- [Given data]
○ ○ ○
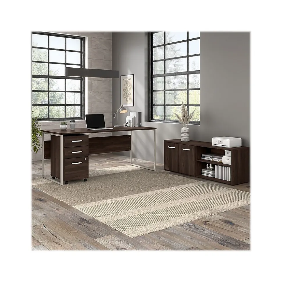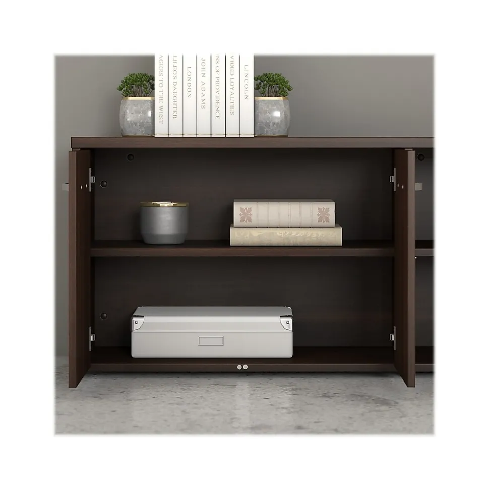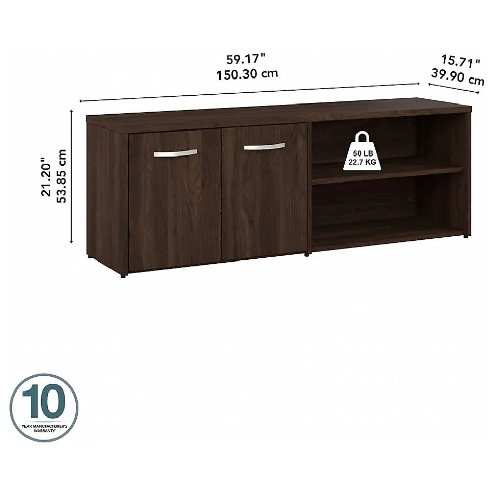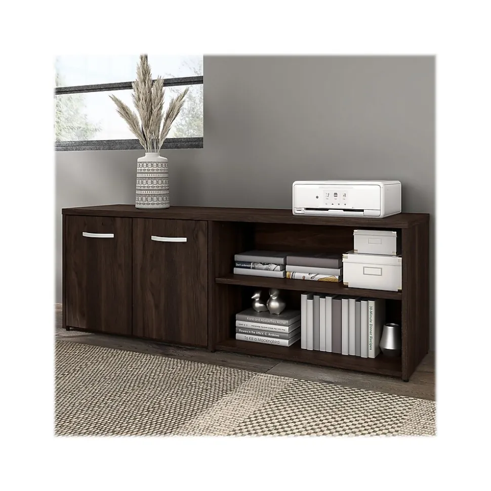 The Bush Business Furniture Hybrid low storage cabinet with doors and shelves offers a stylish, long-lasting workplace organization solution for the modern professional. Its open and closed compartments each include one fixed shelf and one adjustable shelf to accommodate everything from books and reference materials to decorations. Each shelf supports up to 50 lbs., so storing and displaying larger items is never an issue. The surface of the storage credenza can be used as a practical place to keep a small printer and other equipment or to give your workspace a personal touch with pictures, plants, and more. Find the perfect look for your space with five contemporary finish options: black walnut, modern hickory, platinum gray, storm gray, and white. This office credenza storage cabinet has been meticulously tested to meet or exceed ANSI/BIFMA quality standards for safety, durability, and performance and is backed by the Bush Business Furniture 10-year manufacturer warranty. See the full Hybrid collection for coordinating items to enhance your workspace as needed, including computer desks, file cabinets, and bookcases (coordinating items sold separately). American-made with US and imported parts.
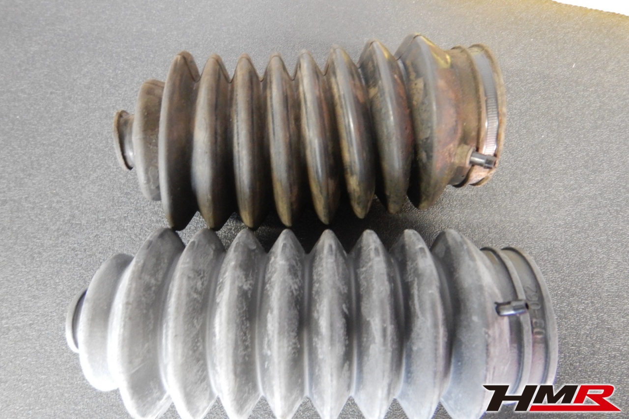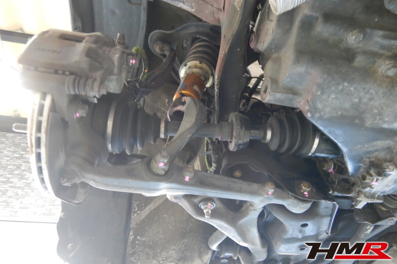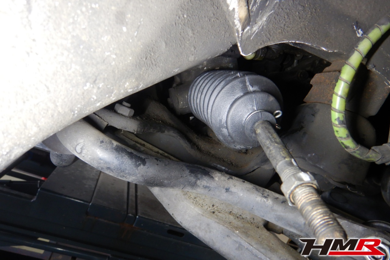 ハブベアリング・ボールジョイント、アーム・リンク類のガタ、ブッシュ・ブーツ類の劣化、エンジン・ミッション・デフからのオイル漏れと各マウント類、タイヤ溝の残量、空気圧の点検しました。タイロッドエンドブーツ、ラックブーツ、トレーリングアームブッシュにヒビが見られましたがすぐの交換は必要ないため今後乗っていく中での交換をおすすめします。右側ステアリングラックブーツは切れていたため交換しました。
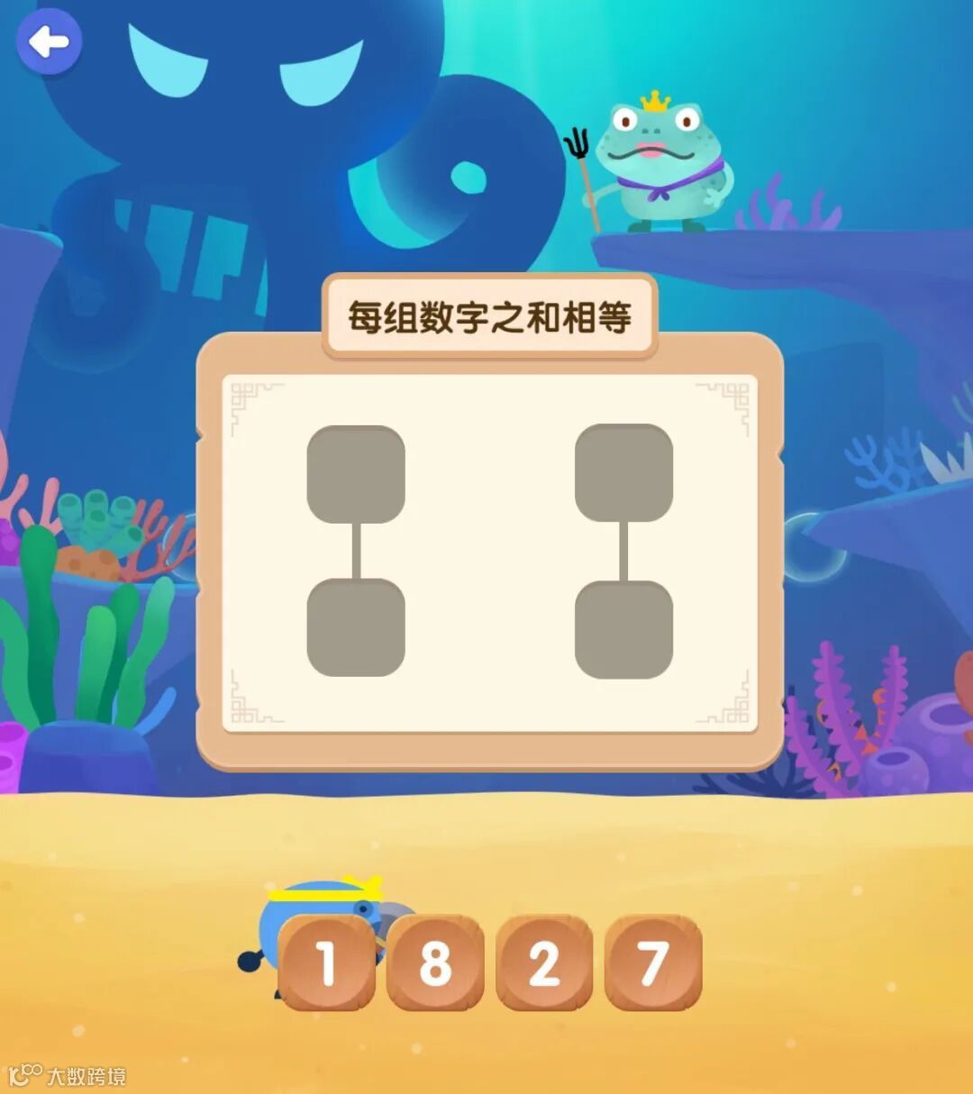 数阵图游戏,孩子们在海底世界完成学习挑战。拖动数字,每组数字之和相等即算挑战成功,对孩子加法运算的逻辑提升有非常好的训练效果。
○ ○ ○
- [Action item] Set the whole listing down again unchanged, apart from the pictures, which are omitted.

- [Answer to the problem]
 The Bush Business Furniture Hybrid low storage cabinet with doors and shelves offers a stylish, long-lasting workplace organization solution for the modern professional. Its open and closed compartments each include one fixed shelf and one adjustable shelf to accommodate everything from books and reference materials to decorations. Each shelf supports up to 50 lbs., so storing and displaying larger items is never an issue. The surface of the storage credenza can be used as a practical place to keep a small printer and other equipment or to give your workspace a personal touch with pictures, plants, and more. Find the perfect look for your space with five contemporary finish options: black walnut, modern hickory, platinum gray, storm gray, and white. This office credenza storage cabinet has been meticulously tested to meet or exceed ANSI/BIFMA quality standards for safety, durability, and performance and is backed by the Bush Business Furniture 10-year manufacturer warranty. See the full Hybrid collection for coordinating items to enhance your workspace as needed, including computer desks, file cabinets, and bookcases (coordinating items sold separately). American-made with US and imported parts.
 ハブベアリング・ボールジョイント、アーム・リンク類のガタ、ブッシュ・ブーツ類の劣化、エンジン・ミッション・デフからのオイル漏れと各マウント類、タイヤ溝の残量、空気圧の点検しました。タイロッドエンドブーツ、ラックブーツ、トレーリングアームブッシュにヒビが見られましたがすぐの交換は必要ないため今後乗っていく中での交換をおすすめします。右側ステアリングラックブーツは切れていたため交換しました。
 数阵图游戏,孩子们在海底世界完成学习挑战。拖动数字,每组数字之和相等即算挑战成功,对孩子加法运算的逻辑提升有非常好的训练效果。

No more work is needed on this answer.